● **DESCRIPTION OF THE TASK**: In the material below, find the line containing "Стильный комплект для" and the line containing "Introducing Titanica Orgasm". Output those two lines and all lines between them exactly, without pictures.

MATERIAL PROVIDED Block Start

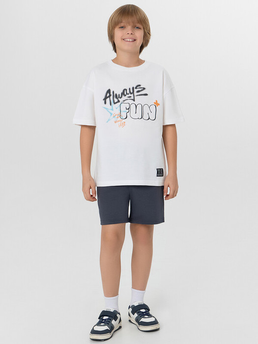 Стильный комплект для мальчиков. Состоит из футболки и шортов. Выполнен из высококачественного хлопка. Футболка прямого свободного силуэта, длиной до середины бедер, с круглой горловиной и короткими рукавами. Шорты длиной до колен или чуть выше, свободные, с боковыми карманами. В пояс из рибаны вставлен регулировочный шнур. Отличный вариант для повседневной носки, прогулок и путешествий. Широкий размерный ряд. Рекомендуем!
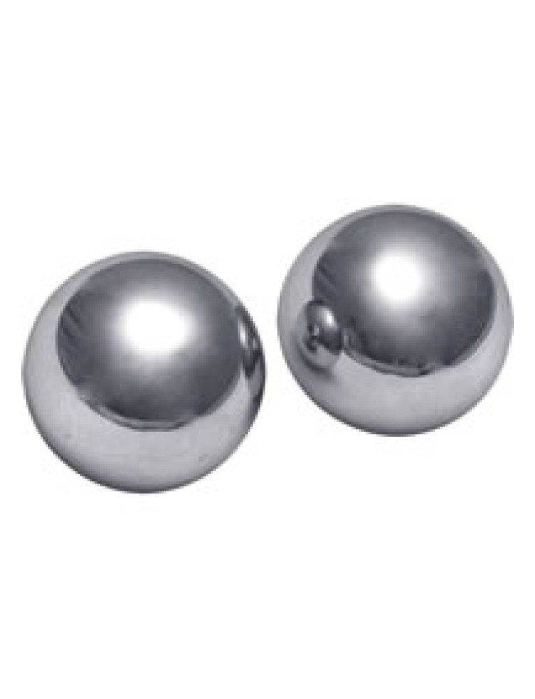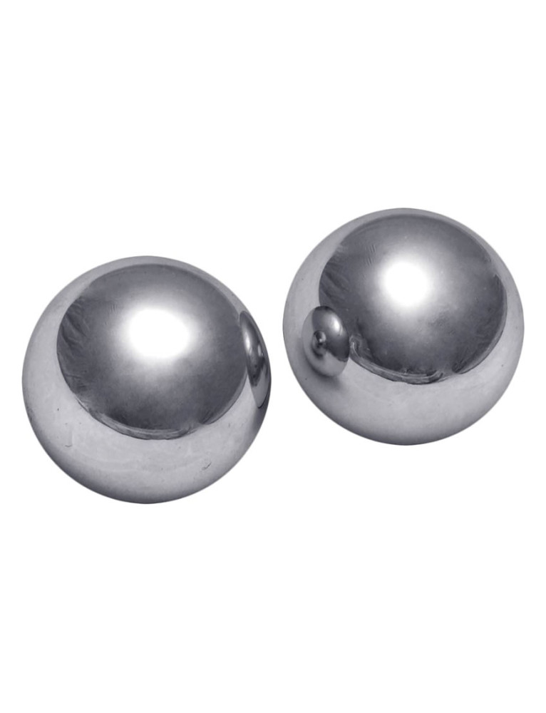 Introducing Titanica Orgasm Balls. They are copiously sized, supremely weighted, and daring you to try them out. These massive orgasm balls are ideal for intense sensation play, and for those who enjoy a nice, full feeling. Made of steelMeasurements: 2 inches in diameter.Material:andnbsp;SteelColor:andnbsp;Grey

MATERIAL PROVIDED Block End
MATERIAL PROVIDED Block Start

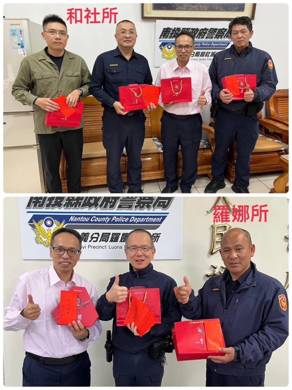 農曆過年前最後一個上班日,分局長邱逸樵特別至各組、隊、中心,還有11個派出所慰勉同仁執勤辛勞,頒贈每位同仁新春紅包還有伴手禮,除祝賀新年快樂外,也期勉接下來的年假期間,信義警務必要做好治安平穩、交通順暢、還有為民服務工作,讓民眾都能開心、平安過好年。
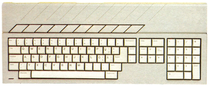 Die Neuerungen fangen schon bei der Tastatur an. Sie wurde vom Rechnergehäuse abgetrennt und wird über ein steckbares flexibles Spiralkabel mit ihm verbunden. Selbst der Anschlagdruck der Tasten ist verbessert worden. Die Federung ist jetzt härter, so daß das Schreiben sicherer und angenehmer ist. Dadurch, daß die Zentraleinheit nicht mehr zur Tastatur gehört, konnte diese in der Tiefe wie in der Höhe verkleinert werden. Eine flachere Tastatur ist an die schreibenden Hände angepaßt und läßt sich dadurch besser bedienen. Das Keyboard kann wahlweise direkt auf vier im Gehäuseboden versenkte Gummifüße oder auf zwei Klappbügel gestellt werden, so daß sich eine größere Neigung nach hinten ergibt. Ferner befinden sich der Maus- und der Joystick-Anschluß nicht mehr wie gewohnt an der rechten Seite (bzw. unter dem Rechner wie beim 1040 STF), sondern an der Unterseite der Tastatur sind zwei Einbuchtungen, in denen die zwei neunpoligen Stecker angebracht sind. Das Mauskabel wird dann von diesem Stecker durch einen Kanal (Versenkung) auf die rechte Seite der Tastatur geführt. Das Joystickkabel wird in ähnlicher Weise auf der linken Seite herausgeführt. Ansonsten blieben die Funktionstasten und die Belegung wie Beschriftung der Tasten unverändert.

MATERIAL PROVIDED Block End
MATERIAL PROVIDED Block Start

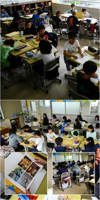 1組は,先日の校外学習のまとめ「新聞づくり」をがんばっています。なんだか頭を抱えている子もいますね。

MATERIAL PROVIDED Block End

● **SOLUTION**:
 Стильный комплект для мальчиков. Состоит из футболки и шортов. Выполнен из высококачественного хлопка. Футболка прямого свободного силуэта, длиной до середины бедер, с круглой горловиной и короткими рукавами. Шорты длиной до колен или чуть выше, свободные, с боковыми карманами. В пояс из рибаны вставлен регулировочный шнур. Отличный вариант для повседневной носки, прогулок и путешествий. Широкий размерный ряд. Рекомендуем!
 Introducing Titanica Orgasm Balls. They are copiously sized, supremely weighted, and daring you to try them out. These massive orgasm balls are ideal for intense sensation play, and for those who enjoy a nice, full feeling. Made of steelMeasurements: 2 inches in diameter.Material:andnbsp;SteelColor:andnbsp;Grey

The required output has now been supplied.